Will he get his possesions back then?

50,676 bitcoins, today valued at 5,3 billion USD.

https://www.justice.gov/usao-sdny/pr/us-attorney-announces-h...




No, generally a pardon does not eliminate any civil liability or entitle you to refunds once the assets have been transferred to Treasury. He would still have to answer Yes to having been convicted of a felony and he would still not be entitled to vote in states that do not permit felons to vote.

> Where a person has paid a monetary penalty or forfeited property, the consequences of a pardon depend in part on when it was issued. If a monetary fine or contraband cash has been transferred to the Treasury, a pardon conveys no right to a refund, nor does the person pardoned have a right to reacquire property or the equivalent in cash from a legitimate purchaser of his seized assets or from an informant who was rewarded with cash taken from the pardoned person before he was pardoned.

https://www.brookings.edu/articles/presidential-pardons-sett...


This is obviously incorrect.
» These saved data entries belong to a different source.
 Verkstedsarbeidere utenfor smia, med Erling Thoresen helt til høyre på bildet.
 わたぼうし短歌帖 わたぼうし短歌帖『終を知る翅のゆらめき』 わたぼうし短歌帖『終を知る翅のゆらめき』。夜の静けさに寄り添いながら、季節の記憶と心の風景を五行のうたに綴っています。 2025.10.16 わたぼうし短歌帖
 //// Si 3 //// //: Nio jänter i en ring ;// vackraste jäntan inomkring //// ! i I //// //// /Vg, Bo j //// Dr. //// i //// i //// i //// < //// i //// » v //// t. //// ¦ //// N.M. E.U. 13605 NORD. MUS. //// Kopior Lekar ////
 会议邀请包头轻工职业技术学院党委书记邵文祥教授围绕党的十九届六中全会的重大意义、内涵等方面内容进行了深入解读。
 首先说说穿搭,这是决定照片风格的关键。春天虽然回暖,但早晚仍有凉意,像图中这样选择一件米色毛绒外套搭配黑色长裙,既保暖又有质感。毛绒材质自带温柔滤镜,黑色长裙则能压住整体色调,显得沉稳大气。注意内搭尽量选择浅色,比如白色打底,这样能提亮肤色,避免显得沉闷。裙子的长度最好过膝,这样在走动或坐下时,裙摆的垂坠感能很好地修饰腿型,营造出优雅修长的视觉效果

Actually pardon means the charges filed has been voided, hence anything happening afterwards has had no merits and court decisions made are now rendered moot. For example, Roger Stone was charged and found guilty of multiple crimes and Trump pardoned him; he still brandish guns and was "proudly voting Trump" in 2024 in state of Florida. Getting pardon is literally like it never happened in the first place.


The pardon can restore certain rights in some cases, I'm not entirely familiar with the Stone shenanigans, but knowing the parties involved I can't assume that Stone was legally entitled to do what he did after the pardon, and maybe he was.
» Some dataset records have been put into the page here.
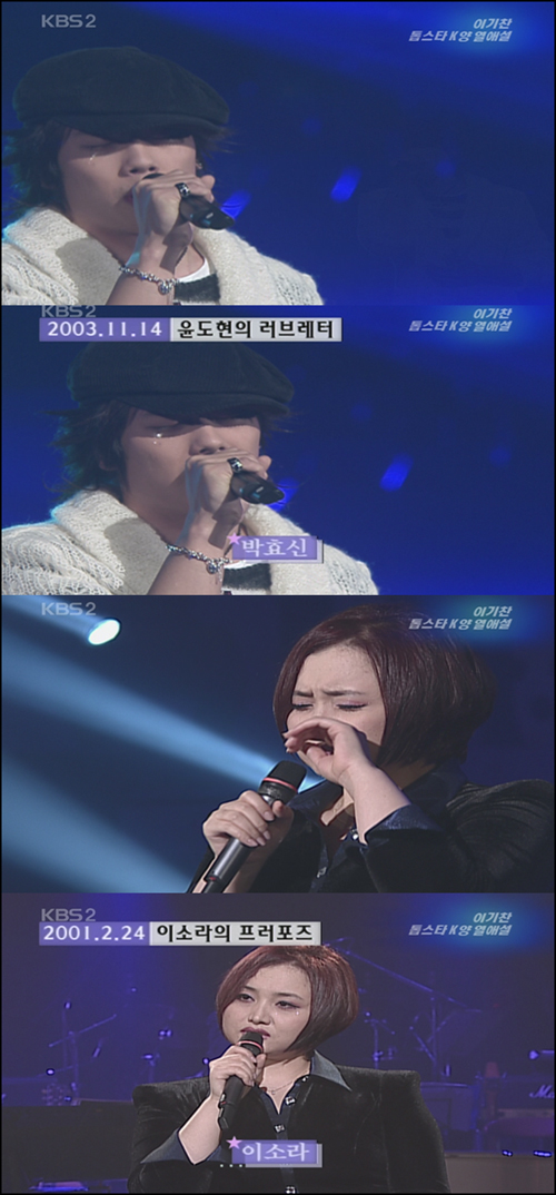 가수 박효신 역시 한 음악 프로그램에서 사랑과 관련된 노래를 부르는 도중 눈물을 흘려 팬들의 궁금증을 자아냈다.
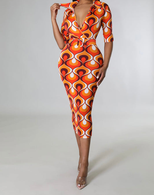 JUST MARLEY MULTI COLOR MIDI LONG SLEEVE ZIPPER DRESS PLUS SIZE
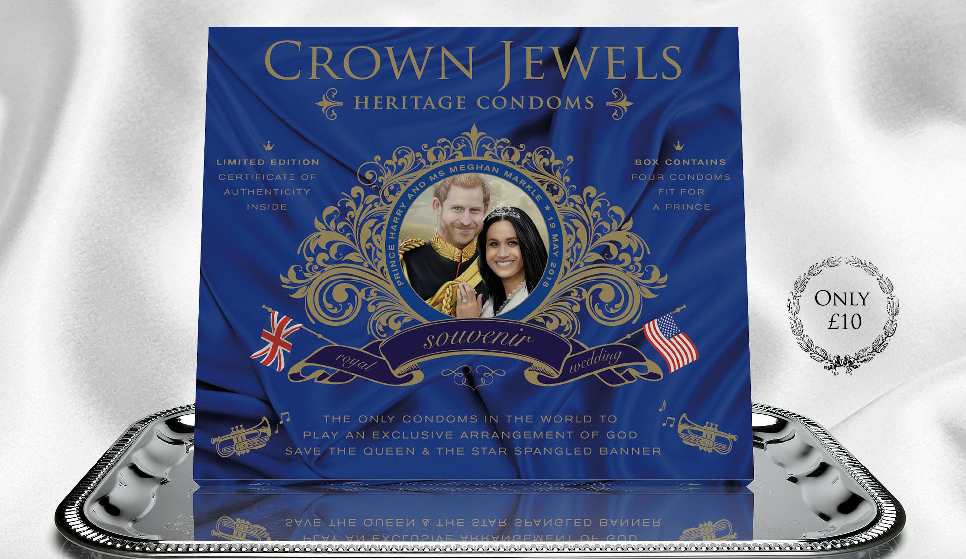In case that doesn't seal the deal, they also play God Save the Queen and the Star Spangled Banner when you open up the package. MUSICAL CONDOMS! Crown Jewels claims they are the "most luxurious royal wedding condoms ever made," leading me to wonder exactly how much competition they have in the royal wedding condom market.
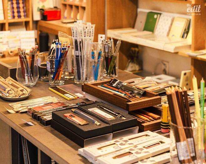 가운데 탁자에는 필기구가 모여있다. 하루, 한 주, 한 달의 기록을 엮어나갈 수 있는 공장의 추천 제품이다. 때때로 샘플이나 약간의 하자가 있는 상품, 시기가 지난 다이어리 등을 무료로 나누거나 아주 저렴하게 판매하기도 한다.
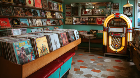 Vintage record store interior with colorful vinyl covers displayed on wooden shelves and a jukebox in the corner
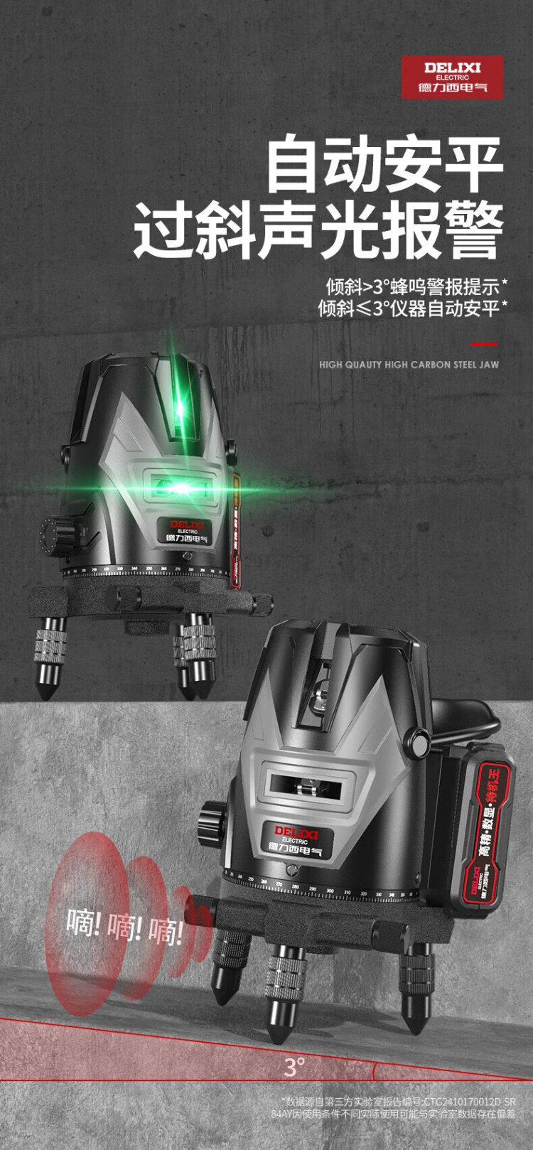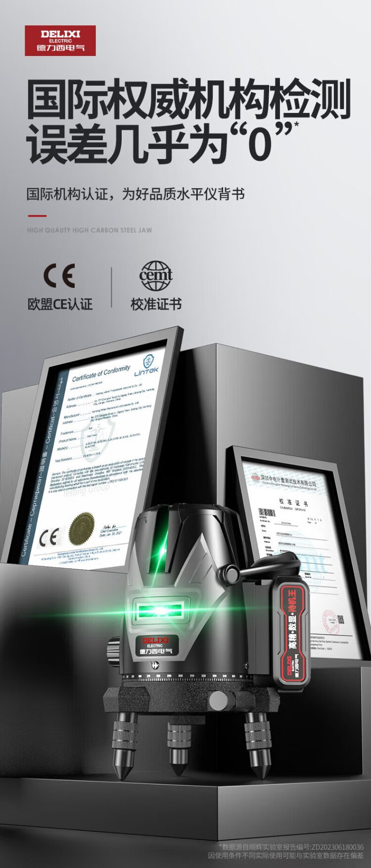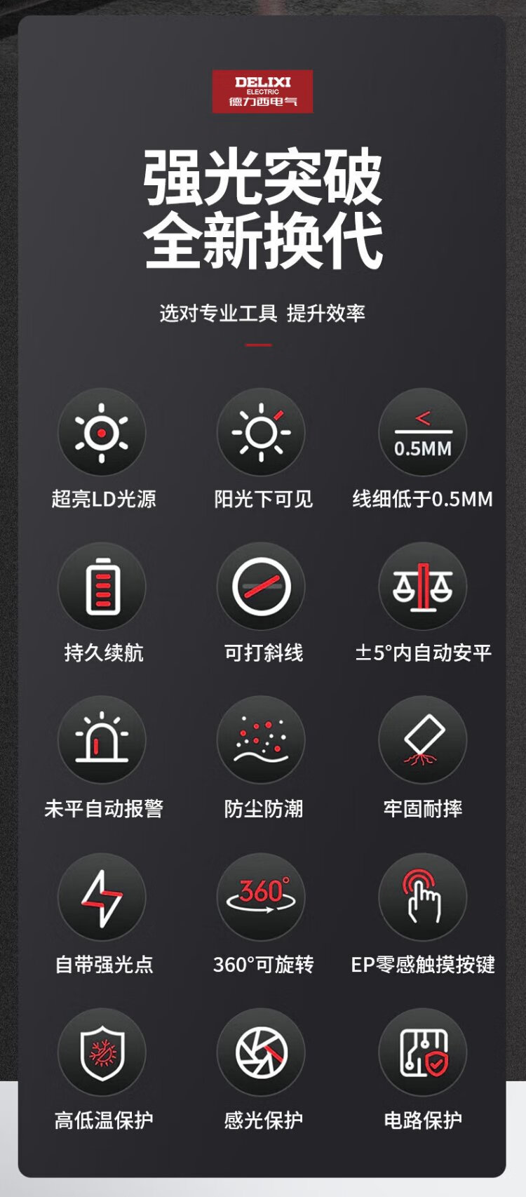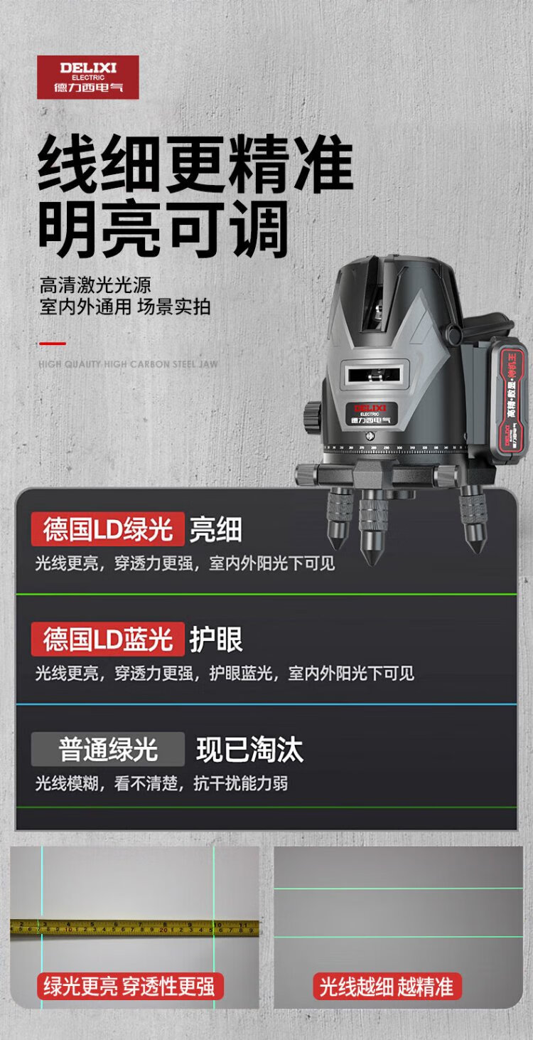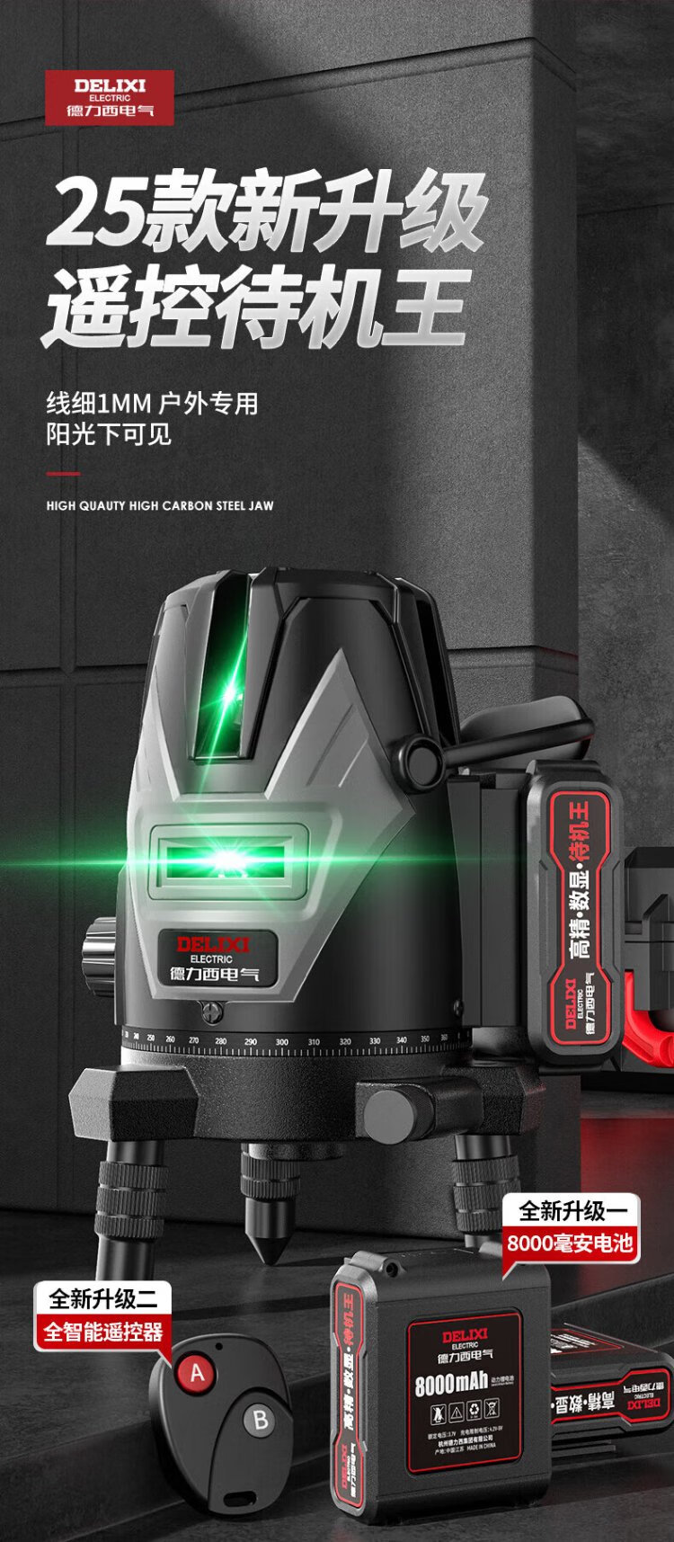 Delixi Electric Infrared Level High-precision Strong Light Thin Line Laser 35 Automatic Strong Light Outdoor Water Leveler High-Precision Strong Light Green Light 2-Line Dual Electric + Angle Frame

That said, the recovery of assets after transfer to Treasury is settled law. [1]

> More broadly, the Court ruled in several cases during this period that pardons entitled their recipients to recover property forfeited or seized on the basis of the underlying offenses, so long as vested third-party rights would not be affected and money had not already been paid into the Treasury (except as authorized by statute).
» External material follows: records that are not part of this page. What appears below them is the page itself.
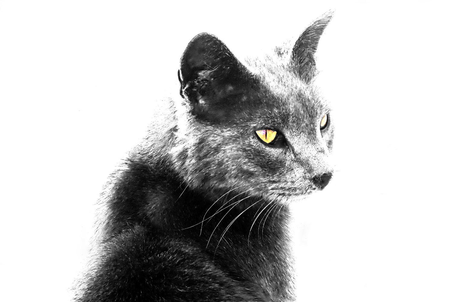Ασπρόμαυρη φωτογραφία γκρι γάτας. Προφίλ.
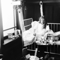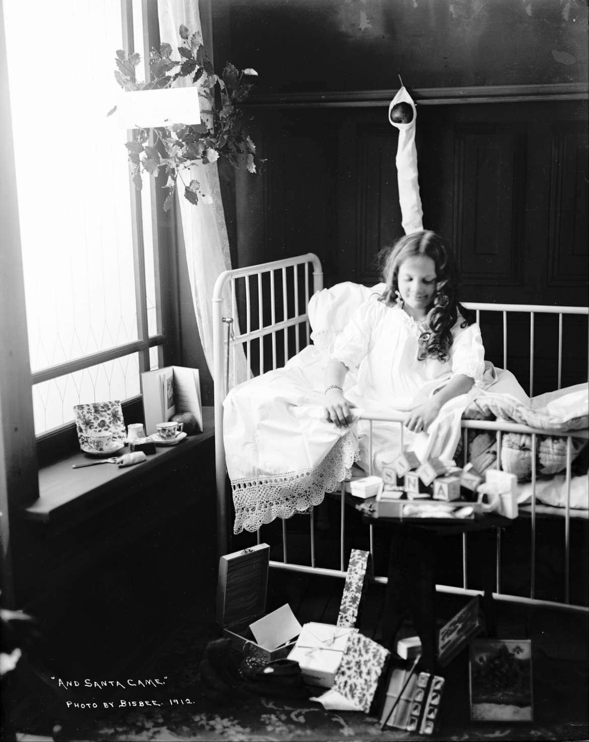 - "And Santa Came"; a child (girl) sitting in a crib. Christmas Theme Photoshoot
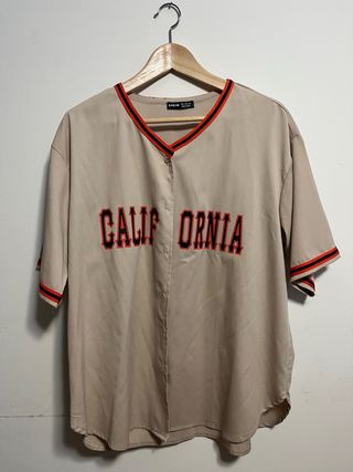 Camisa estilo beisbolera de la marca SHEIN con un diseño inspirado en California. Es una prenda cómoda y con un estilo deportivo. - Cuello en V con ribete. - Mangas cortas con detalle de ribete. - Cierre de botones al frente. - Estampado CALIFORNIA en el pecho.
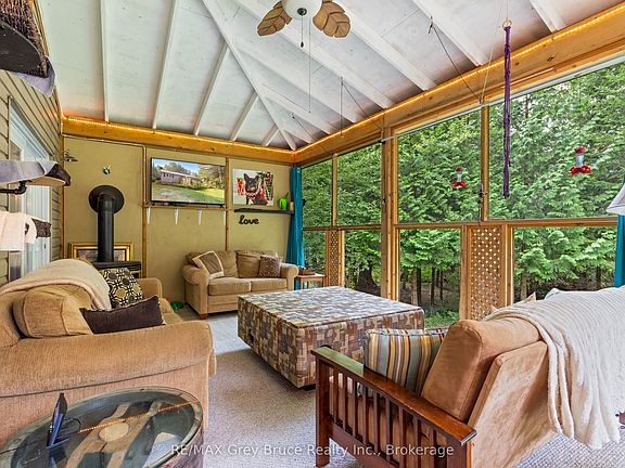 PARADISE FOUND! Welcome to your private retreat nestled on a serene 2-acre lot at the end of a quiet dead-end road. Surrounded by mature trees this property is the perfect escape from city life and even offers potential for a home-based business. One of the standout features is the impressive 30' x 40' heated and insulated garage/workshop a dream space for hobbyists, mechanics, or entrepreneurs. It includes its own laundry, an outdoor shower, floor drain, drive-through doors, and a large 10' high by 12' wide automatic bay door. Additional storage is no issue with a 9' x 40' lean-to and a detached shed. You'll love the greenhouse with its own propane furnace and water hookup. Coupled with the raised garden beds, garden area, and fruit trees, you could have home-grown food galore! Inside, the home offers over 1,600+ sq. ft. of comfortable living space, plus a 294 sq.ft. 3-season sunroom featuring a fireplace and TV, perfect for bug-free relaxation or entertaining. The spacious kitchen is equipped with solid cherry cabinets, a large island, and an integrated office nook. Just off the kitchen is a bright, open-concept living and dining area, centered around one of the homes three propane fireplaces. The primary bedroom offers direct access to the sunroom, a walk-in closet, its own fireplace, and a luxurious jacuzzi tub. Quality finishes run throughout the home, including solid oak doors and trim, hardwood flooring, central air, propane furnace, and central vac. A partial-height basement adds additional storage and features a woodstove to keep things cozy. Located just a short drive from Lion's Head for all your amenities, and minutes from Black Creek Provincial Park and its sandy beach for family enjoyment on warm summer days or watching beautiful sunsets. If you're dreaming of a move to the country with flexible, functional outbuildings and peaceful surroundings this property could be the perfect fit!

Was covered in Osborne v. United States, Knote v. United States, In re: Armstrong's Foundry, Cent. R.R. v. Bosworth and Jenkins v. Collard

Subsequent cases make it clear that the offense is not in fact "gone."

> ... the Court in Burdick stated that a pardon “carries an imputation of guilt; acceptance a confession of it."

> ... then, in Carlesi v. New York, the Court determined that a pardoned offense could still be considered “as a circumstance of aggravation” under a state habitual-offender law, reflecting that although a pardon may obviate the punishment for a federal crime, it does not erase the facts associated with the crime or preclude all collateral effects arising from those facts.

The court holds that it is not in fact as if it never happened.

[1] https://www.law.cornell.edu/constitution-conan/article-2/sec...


Your example doesn't seem to involve restoring property / funds due to a pardon that were already confiscated / already paid.

Is there some example of someone getting such money back?


Part of getting pardoned is admitting guilt - ask joe arpaio ...


[flagged]


No, because he was never found guilty of anything, or charged with anything. Pardons before a conviction are somewhat different than pardons after a conviction in that the state never established the facts. There's also a difference between blanket pardons and specific pardons.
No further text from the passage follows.